To support their request for a bond of $195,000, defendants submitted the declaration of James Nunemacher. Nunemacher stated that he was employed full time as a real estate agent and broker with Vanguard Properties. He opined that the residence's fair market value was $3,500,000 if bought in top condition, which was a decline from the previous sale price of $3,875,000.

The court held the OSC hearing on August 12, 2010. The court stated that its tentative ruling was to grant the preliminary injunction and to require McCoy to post a bond in the amount of $100,000. After counsel for defendant argued that it was not probable that McCoy would prevail on the merits of his claims, counsel argued the issue of a bond. Counsel declared that McCoy was "financially distressed borrower who really" was not "bondable in probably . . . any amount."

Counsel contended that McCoy was not seeking to rescind the contract but wanted to keep the property and collect damages. Consequently, defendants' attorney maintained that McCoy should have to pay the amounts not in dispute. Counsel observed that McCoy was claiming that the sewer repair would cost $150,000. He proposed that this sum be credited for the purposes of the injunction and that the court order McCoy to pay interest on the undisputed amount, which was approximately $895,000 minus $150,000.

In support of this argument, counsel cited to Weil & Brown, California Practice Guide: Civil Procedure Before Trial (The Rutter Group 2010) paragraphs 9:672 to 9:674, page 9(11)-42. These paragraphs state: "Attempts to enjoin foreclosures under the usual power of sale provisions in deeds of trust are common. The usual showing attempted is that there is a dispute over the right to sell or the amount necessary to reinstate." (Id. at [¶] 9.672.) "The court will examine the claim carefully to make sure that there is a bona fide dispute as to enforceability or default, rather than a mere attempt to 'stall' payment of an amount clearly due. [Citation.]" (Id. at [¶] 9.673.) "If a bona fide dispute exists, [preliminary injunctions] are frequently granted, but on conditions designed to prevent prejudice to the defendant.

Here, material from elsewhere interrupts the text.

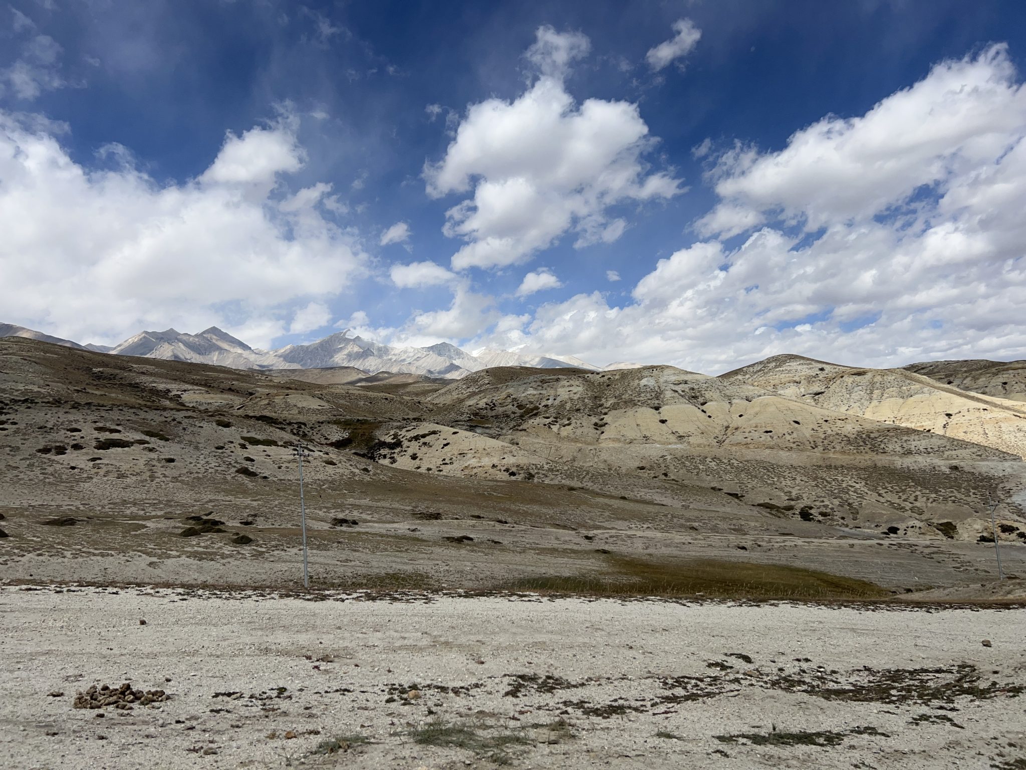 Alternative Text: A vast, arid landscape featuring rolling hills and mountains in the background under a partly cloudy sky

The common conditions are payment of amounts not in dispute, continuing payments during litigation, keeping prior liens out of default, paying taxes and insurance, and waiving any claim that accepting payments pursuant to the conditions waives the default." (Id. at [¶] 9.674.)

The court responded: "So the way I calculate it, it would be interest on [$]745,000; is that correct?" Counsel for defendants agreed. Counsel explained that the original note amount was $5,971 and $1,000 a month could be deducted as that equaled the interest on $150,000, since the interest rate was 8 percent. Counsel stated that if McCoy resumed payments of $4,971.76 per month to Page starting on the effective date of the injunction and continued to pay that amount as well as keeping the taxes current, then a bond would not be needed.

Counsel for McCoy responded that if McCoy had been able to refinance, the interest rate would have been significantly less than 8 percent. He also argued that he did not want to make payments to this "imposter LLC."

The court advised that it wanted to ensure that defendants would not be harmed by the injunction. The court favored the solution urged by defendants' counsel as it believed that this solution would maintain the status quo until the matter was resolved.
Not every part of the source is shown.